SR Data Engineer

  • Buenos Aires, Ciudad Autónoma de Buenos Aires, Argentina
  • Full-Time
  • Remote

Job Description:

Only Candidates from Argentina, Paraguay, Bolivia, Colombia

We are seeking a Senior Data Engineer or Data Architect to lead the design and implementation of a modern AWS-based Lakehouse for a data-rich enterprise.
This role combines deep technical ownership with hands-on delivery and requires a strong ability to collaborate with business stakeholders to catalog data, define an end-state medallion architecture, and build production-grade ingestion and transformation pipelines.

The successful candidate will help the organization transition toward a governed, high-quality, and analyst-friendly platform that supports downstream analytics and machine learning initiatives.

What Youll Bring (Required Skills & Experience):

  • 7+ years of experience building and operating large-scale data platforms and ETL pipelines in production environments.
  • Strong hands-on expertise with AWS data services, including S3, Glue, EMR, DMS, MWAA, Athena, and Redshift.
  • Deep working knowledge of Spark (PySpark or Scala) and migration of Hive HQL workloads to Spark.
  • Practical experience with open table formats (Apache Iceberg or Delta Lake) and Glue Data Catalog registration.
  • Proven ability to design and manage Airflow DAGs and integrate Airflow with AWS services.
  • Strong SQL skills and experience with dbt or equivalent SQL modeling frameworks.
  • Hands-on implementation of data quality frameworks (Deequ, Great Expectations, or Glue Data Quality).
  • Familiarity with data lineage and observability practices (e.g., OpenLineage).
  • Solid understanding of security and compliance for consumer data, including IAM, KMS, and Lake Formation.
  • Excellent communication skills, with experience in stakeholder interviews and executive-level technical presentations.

Preferred Qualifications

  • Prior experience migrating from on-prem Hadoop/Hive/HDFS to S3-based lakehouses.
  • Familiarity with enterprise data catalogs such as AWS DataZone or Collibra.
  • Hands-on exposure to SageMaker MLOps, feature stores, and model monitoring.
  • Experience using AppFlow, Transfer Family, or other managed connectors for SaaS and SFTP ingestion.
  • Background in Infrastructure as Code (IaC) Terraform, CloudFormation, or AWS CDK with CI/CD automation for data workloads.
  • Leadership experience mentoring engineers and contributing to team structure and hiring decisions.

Education & Experience

  • Bachelors degree in Computer Science, Engineering, or Data Science (Masters degree preferred but not required).
  • Typically, 715 years of relevant professional experience.
  • Exceptional candidates with fewer years but demonstrable impact and technical depth will be considered.

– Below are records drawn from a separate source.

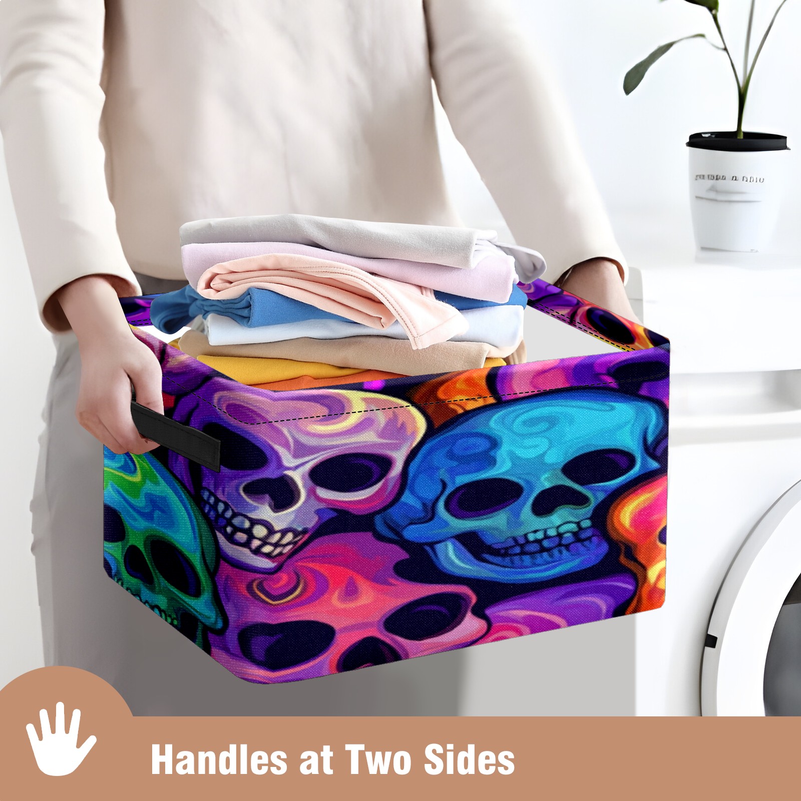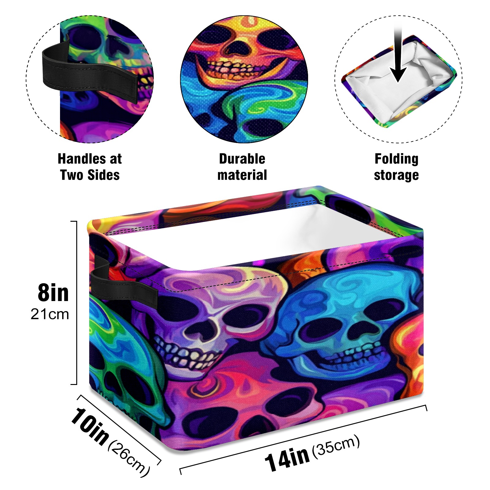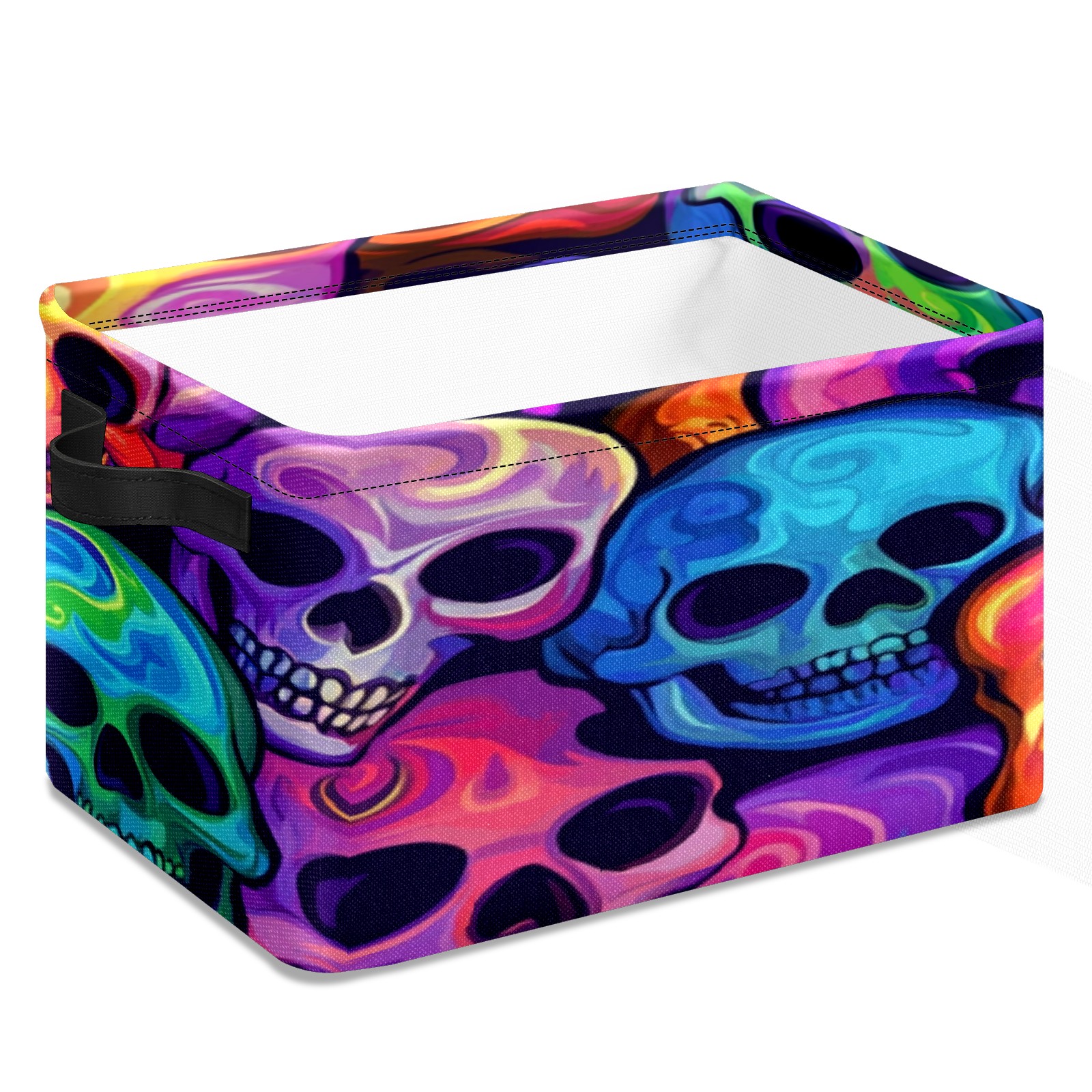 Foldable and Stackable Fabric Storage Basket for Home Organization with Handles, Decorative Closet Bins for Shelves, Laundry, and Toy Storage( Colorful Skulls)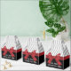 O design deste produto apresenta uma fita vermelha ilustrada em um fundo preto e listras cinzas. Com seus gráficos clássicos únicos, cria caixas de lembranças elegantes e sofisticadas com texto personalizado e a cor de listra favorita para aniversários, casamentos, festas de Natal ou qualquer outro evento especial.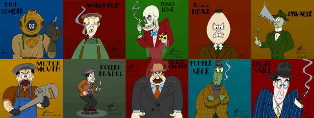 My long awaited pic for 60000th pageview hit. He wanted a lineup for Cool McCool. A series created by BOB KANE (Batman) in the 60s. I liked the show and the villians.
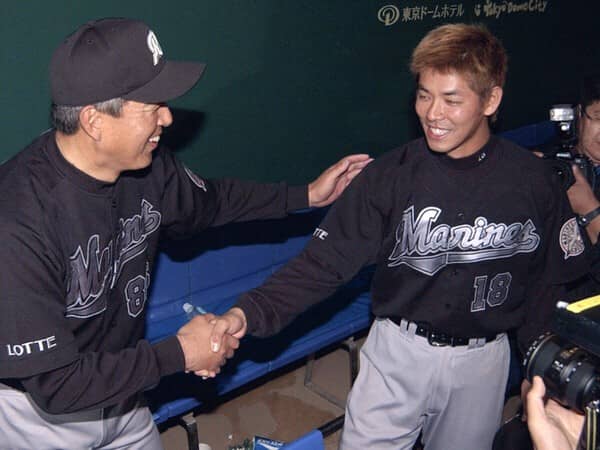 2002年、勝利投手になった清水(右)を笑顔で迎える山本功児監督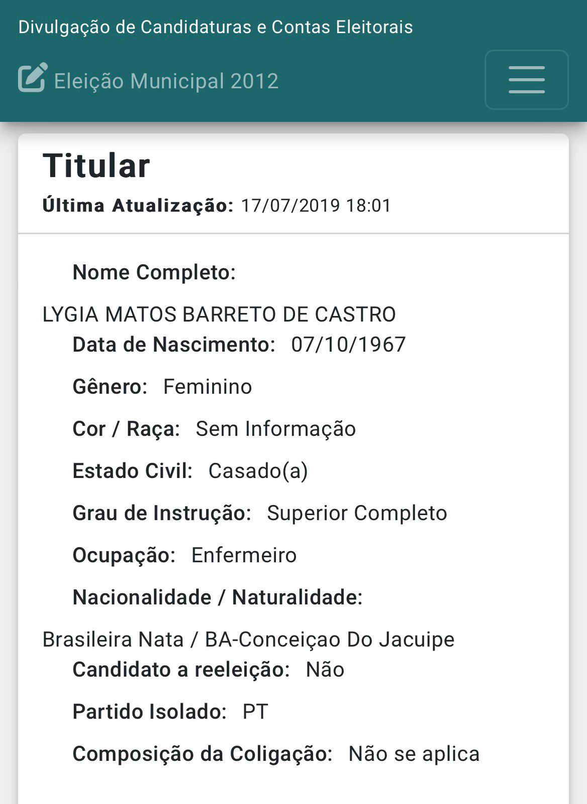 - Dados declarados em candidatura no DivulgaCand em 2012.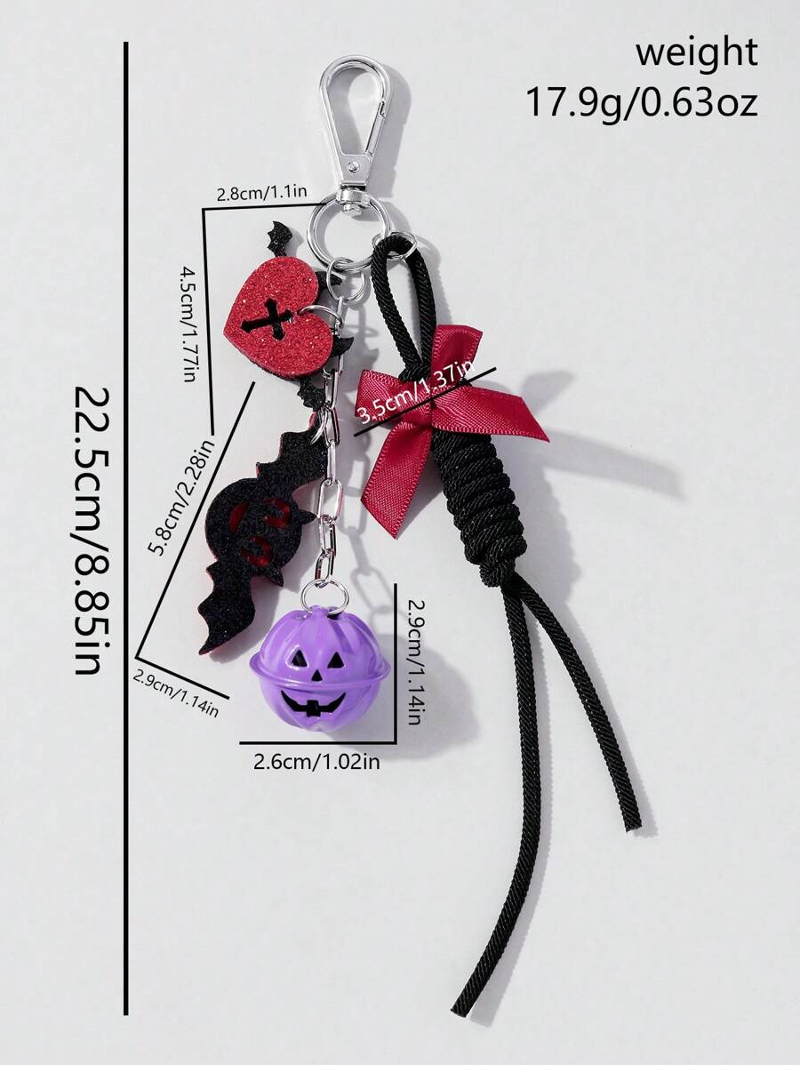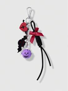Goth 1pc Silver Chain Devil Wings, Red Heart, Cross, Ribbon Bow, Purple Bell, Black Braided Adjustable Lanyard Bag Charm Keychain, Suitable For Daily Wear, Holiday Gift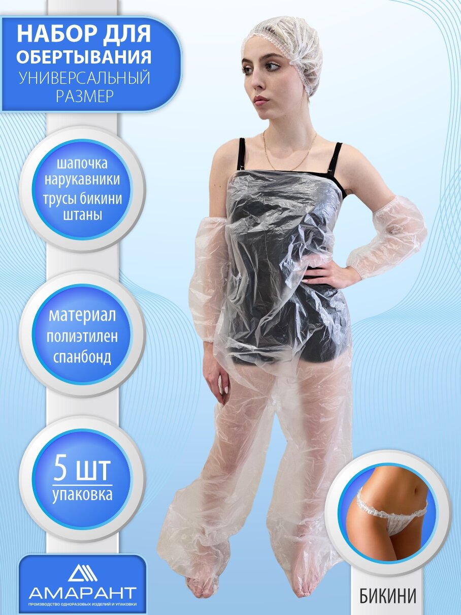 Купить Штаны для обертывания Амарант полиэтиленовые Набор 5 шт + нарукавники +трусы женские одноразовые+шапочка полиэтиленовая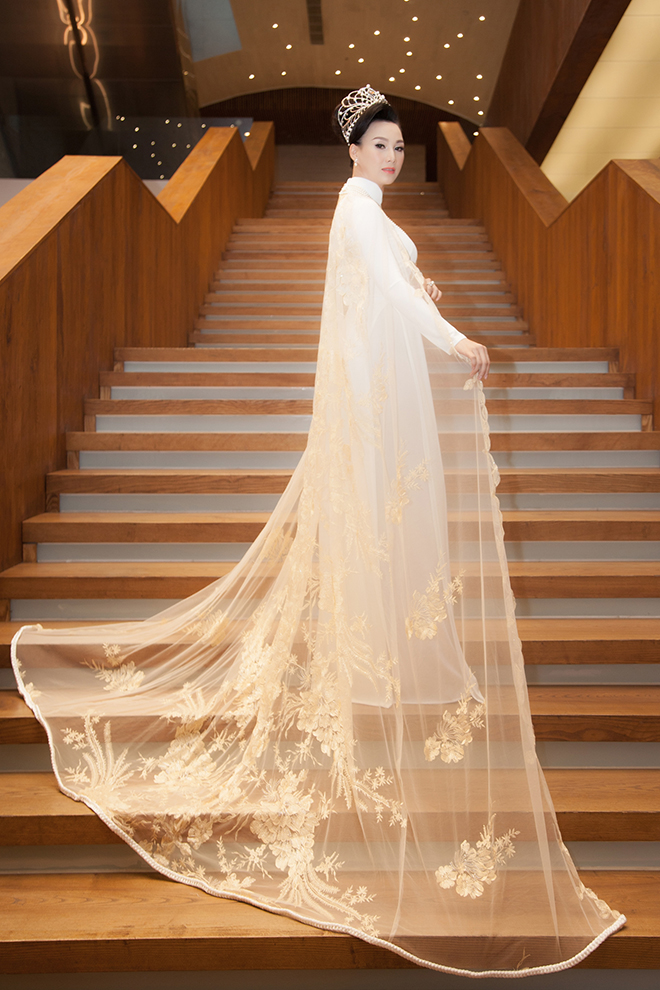 Cô biến tấu chiếc áo dài với nhiều cách rất sang trọng cao quý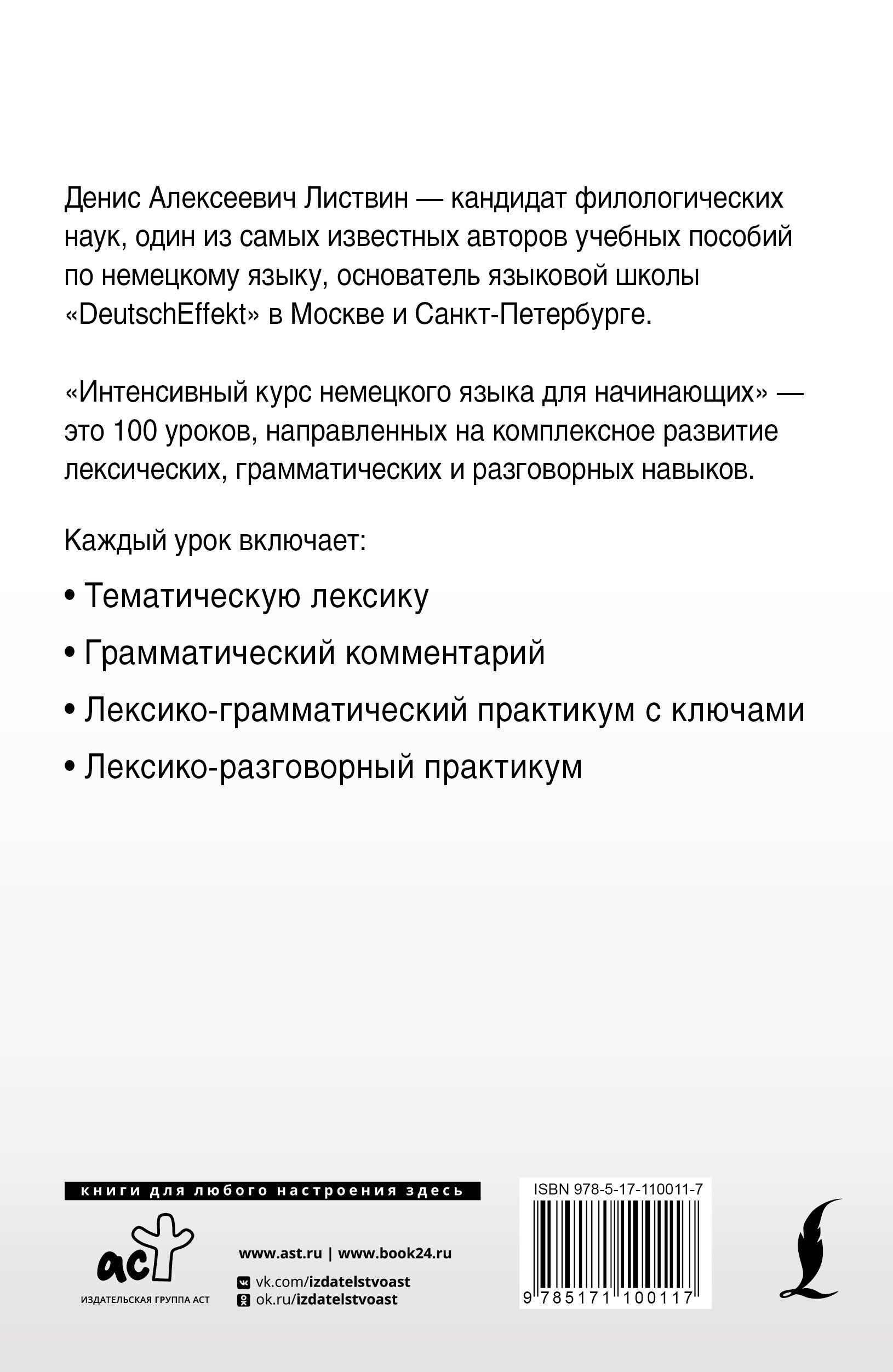 В серию «Иностранный за 100 дней» входят пособия для изучения иностранных языков, построенные по принципу «1 день - 1 урок», что позволяет осваивать материал быстро и эффективно. «Интенсивный курс немецкого языка для начинающих» - это 100 уроков, направленных на комплексное развитие лексических, грамматических и разговорных навыков. - специальная методика для начинающих - самые необходимые грамматические темы - большое количество упражнений с ключами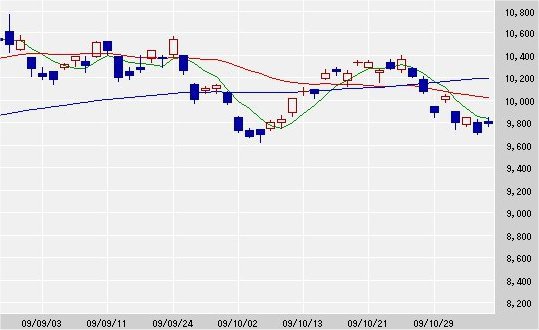 日経平均株価 9,789.35 +71.91 +0.74%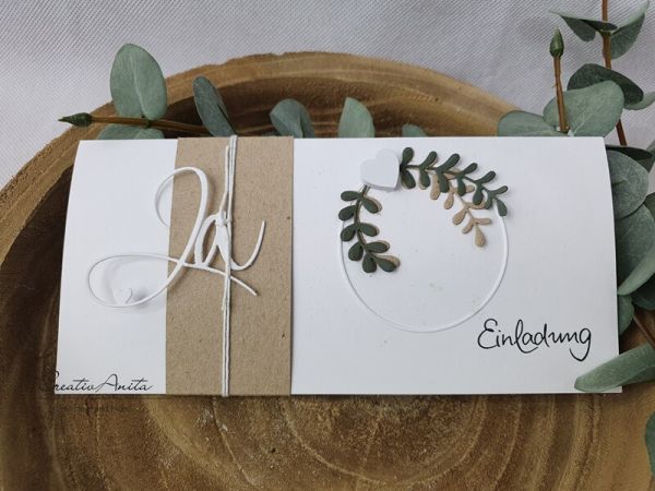 Einladungskarte Green Nature mit weißem Holzherz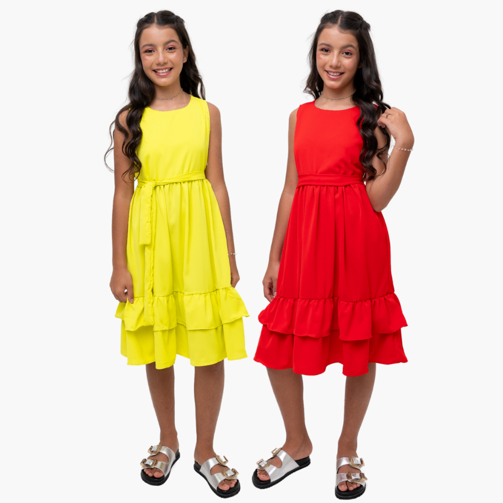 Kit 2 Vestidos Mid Infantil Menina Juvenil no tecido 4, 6, 8, 10, 12 e 14 anos cor lisa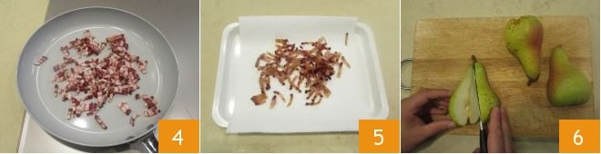 Sofríela en una sartén antiadherente durante unos 3 minutos a fuego alto (sin añadir otras grasas) y, una vez lista, cuando esté bien crujiente, colócala sobre una bandeja cubierta con papel absorbente 5. Luego lava las peras y córtalas primero por la mitad 6.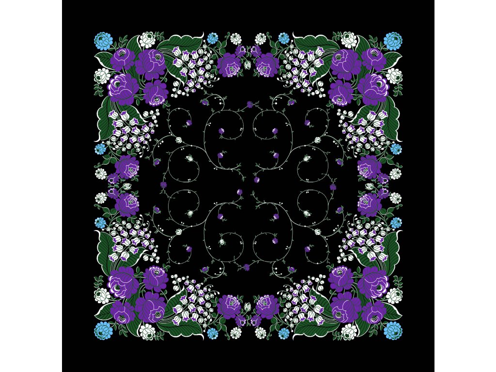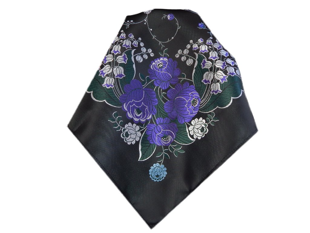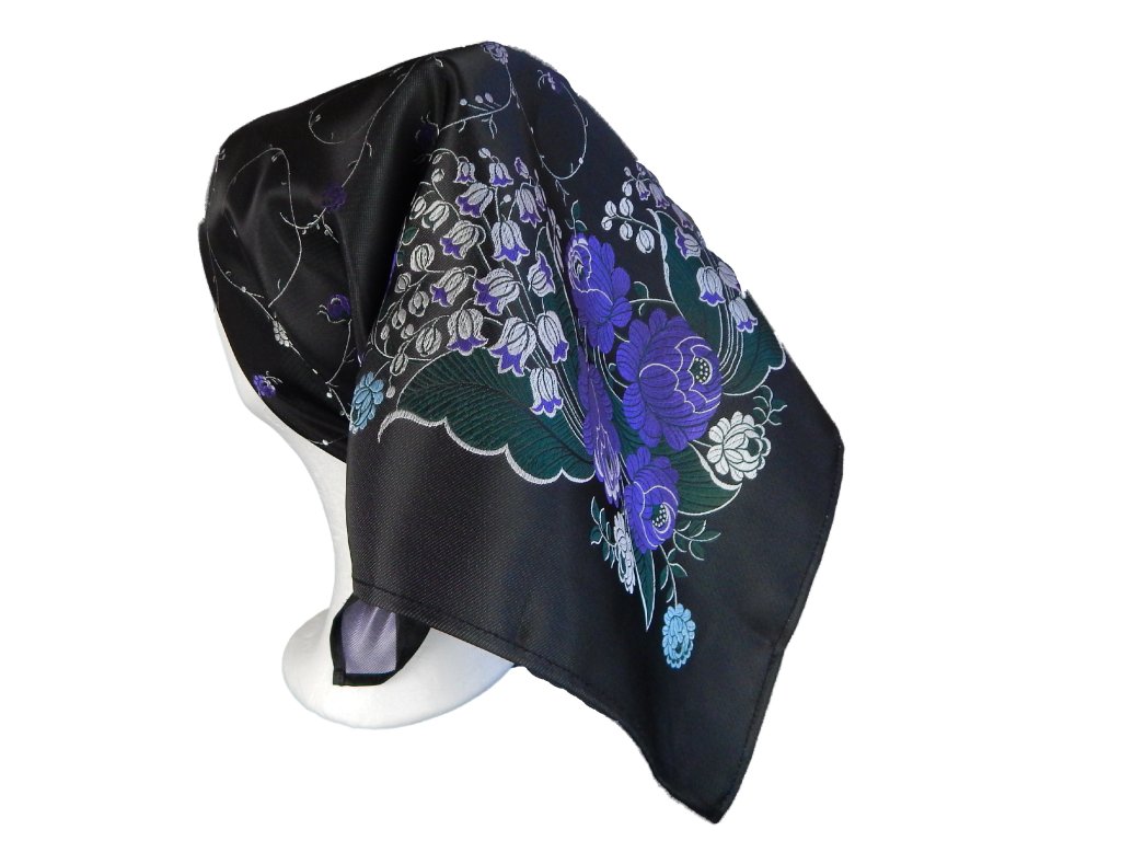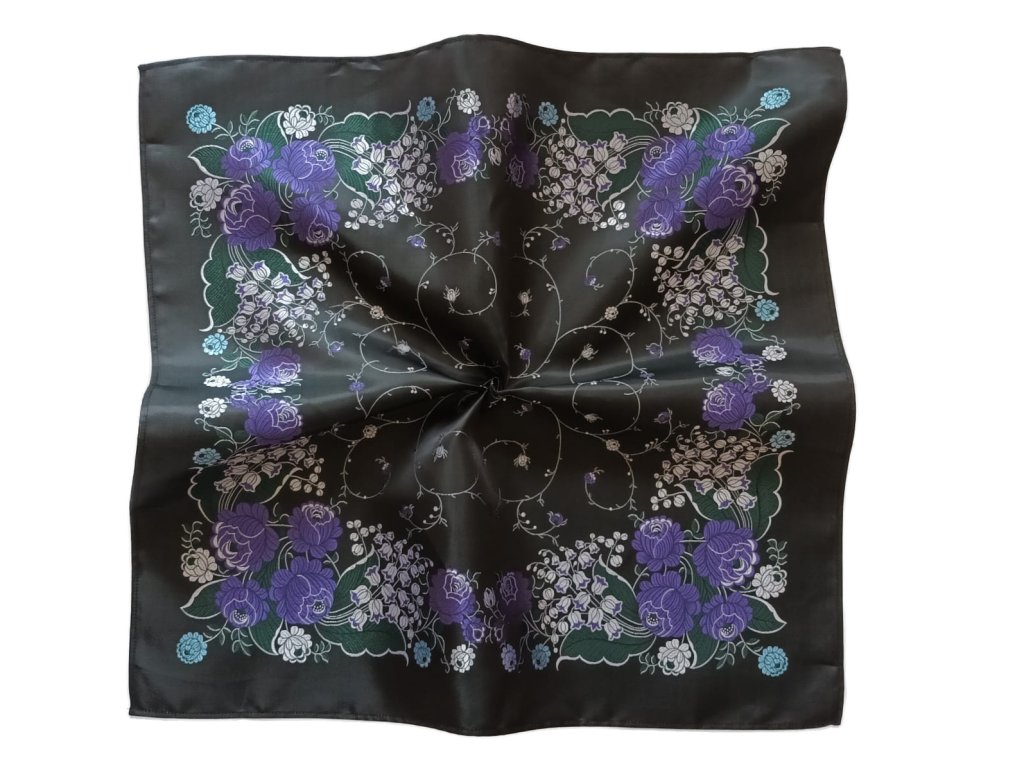 Folklore scarf Ondrit VSh 76x76 LILY OF THE VALLEY black

What Youll Do (Responsibilities):

  • Inventory and catalog all data sources across cloud and on-prem systems, capturing metadata, ownership, and maintaining a canonical data catalog.
  • Map and reverse-engineer existing data pipelines and logic, including Airflow DAGs, Hive HQL, Scala jobs, notebooks, and stored procedures.
  • Design and document a target medallion architecture (Bronze/Silver/Gold) on AWS using open table formats and governed metadata.
  • Build and operate ingestion pipelines leveraging AWS services such as Glue, DMS, AppFlow, Transfer Family, and structured S3 landing zones.
  • Implement transformation pipelines using Spark (Glue or EMR), converting data to Iceberg or Delta Lake and registering assets under Lake Formation governance.
  • Develop and maintain workflow orchestration using Apache Airflow (MWAA), including retries, alerts, and SLA monitoring.
  • Define and enforce data quality and profiling using Deequ, Great Expectations, or Glue Data Quality, publishing metrics to the catalog.
  • Consolidate business logic into modular, testable pipelines and SQL models using dbt for analyst-friendly development.
  • Design serving and consumption layers using Athena, Redshift Serverless, and controlled APIs or search exports; plan for ML readiness with SageMaker and feature stores.
  • Establish CI/CD pipelines for data infrastructure and workloads, implement automated testing and deployment gates, and maintain operational documentation.
  • Mentor engineers and analysts, providing technical guidance and presenting architectural recommendations to leadership.

Why join the client?

Be part of a company at the forefront of technological change. We foster a collaborative, purpose-driven environment where teamwork thrives. Were invested in your long-term growth and provide opportunities to develop your skills and career.

Perks & Benefits

At the client, we believe in the personal and professional growth of our team. Thats why we offer a variety of benefits designed to support your development, well-being, and quality of life:

  • Certifications and training to boost your skills.
  • English classes, tailored to your level.
  • Free gym access, so you can take care of your physical and mental health.
  • Gifts on special occasions, because we love celebrating with you.
  • Wellness and professional growth programs focused on your balance and progress.
  • An inclusive and collaborative environment, where diversity and great ideas are truly valued.